Residual diagnostics in MCMC - based multilevel regression models

I’ve recently embarked on fitting multilevel regression models in the Bayesian framework, using a MCMC algorithm (brms in R actually).

I believe I have understood how to diagnose convergence of the estimation process (trace, geweke plot, autocorrelation, posterior distribution…).

One of the thing that strikes me in the Bayesian framework is that much effort seems to devoted to do those diagnostics, whereas very little appears to be done in terms of checking the residuals of the fitted model.

Long story short: I will probably have to present my model to the “classic” econometrician and he will expect me to discuss the residuals.
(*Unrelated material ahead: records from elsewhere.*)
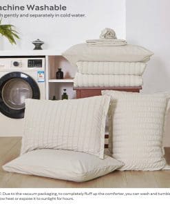 1. El juego completo está elaborado con 100% microfibra, garantizando un calor excepcional y una sensación acogedora. El edredón cuenta con un aspecto único ‘arrugado’ en el frente, contrastando con una parte trasera lisa. Con costuras sólidas en todo momento, el edredón tiene una durabilidad mejorada, previniendo eficazmente el amontonamiento. Esto resulta en un edredón ligero que proporciona comodidad durante todo el año.
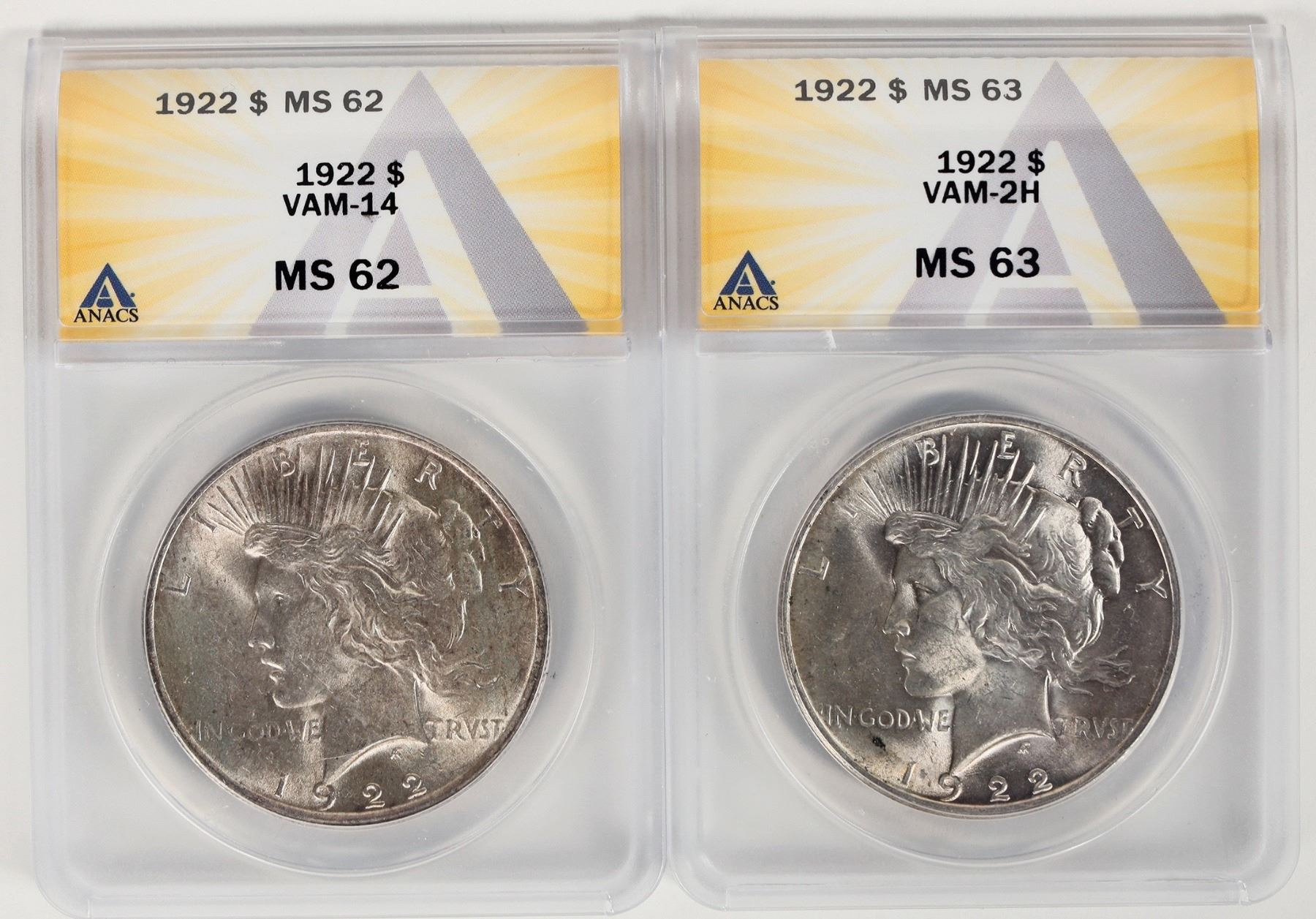 Two ANACS certified Peace dollars: 1) 1922 MS 62; VAM-14; 2) 1922 MS 63; VAM-2H.
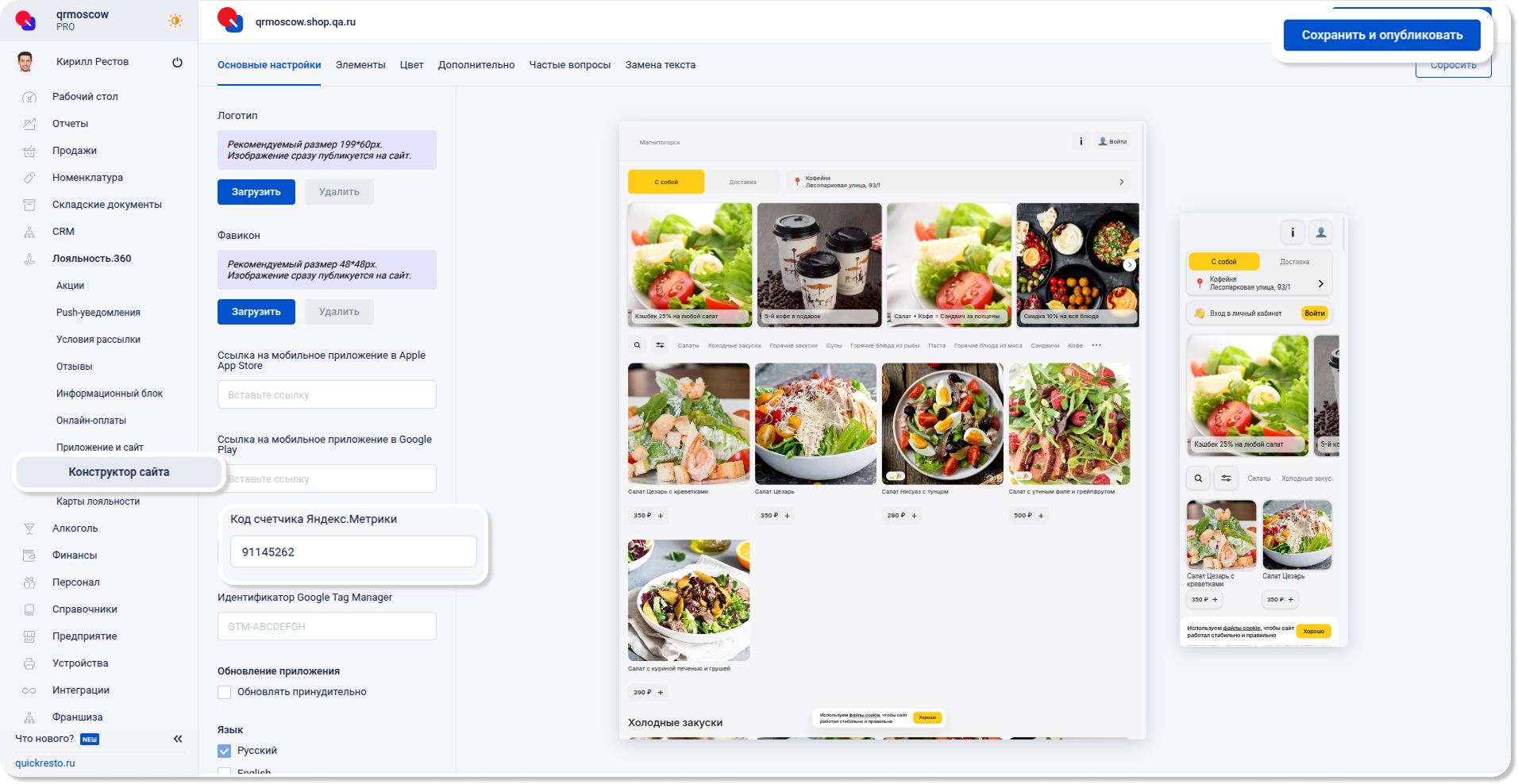 Перейдите на вкладку Общие настройки в разделе Лояльность.360 — Конструктор сайта и вставьте полученный номер счётчика в поле Код счетчика Яндекс.Метрики. Нажмите Сохранить и опубликовать.
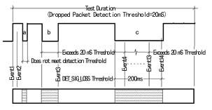 圖5所示的是丟包測試的時序圖, 圖中的語音路由測試信號即為“Golden Voice”產(chǎn)生的復合語音信號。在測試中,用戶可以自行設定分別為5ms、10ms、15ms、25ms、50ms或100ms檢測門限值。
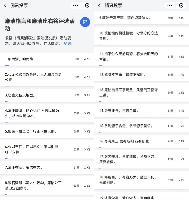 為了深入推進(jìn)“清廉有色”建設(shè),推動(dòng)“清風(fēng)潤煤業(yè)·廉潔促發(fā)展”系列活動(dòng)扎實(shí)開展并取得實(shí)效,近日,榆林新材料煤業(yè)公司紀(jì)委組織開展廉潔格言和廉潔座右銘征集活動(dòng),并采取線上投票的方式對(duì)報(bào)送的36條優(yōu)秀格言進(jìn)行評(píng)選,最終評(píng)選出心底無私天地寬,利欲熏心路難行”、心無私欲自然會(huì)剛,人無邪念自然公正”兩條優(yōu)秀廉潔格言。這一活動(dòng)不僅讓黨員干部承諾踐諾,更讓廣大職工群眾充分參與進(jìn)來,在公司范圍內(nèi)形成人人參與清廉文化建設(shè)、共筑廉潔防線的良好氛圍。

Of course, there is a problem of defining “residuals” in Bayesian regression. So should I simply calculate the fitted model values (Estimate column from fitted(brm) function), replicate the multilevel model into LM and analyze the differences as typical residuals? Or should I focus on posterior predictive checks / loo validation?

Hi–to start I recommend taking a look at chapters 6 and 7 of BDA3. Chapter 6 discusses model checking, and chapter 7 discusses predictive model evaluation.

We recommend our revised R-hat metrics and computing effective sample size. It’s hard to learn much from squinting at autocorrelation plots or traceplots.

It depends on the type of Bayesian. The hardcore subjectivists just believe you put down a subjective prior and your posterior is what it is. So you only have to test you computed it, not that it makes sense, because you’ve assumed it makes sense.

With Stan, we strongly recommend checking not just the residuals, but match to data and match to held out data using posterior predictive checks and cross-validation, respectively (“BDA3” is Gelman et al.'s book Bayesian Data Analysis, which has chapters about these things).

I’m also most of the way done with adding chapters on all this to our user’s guide.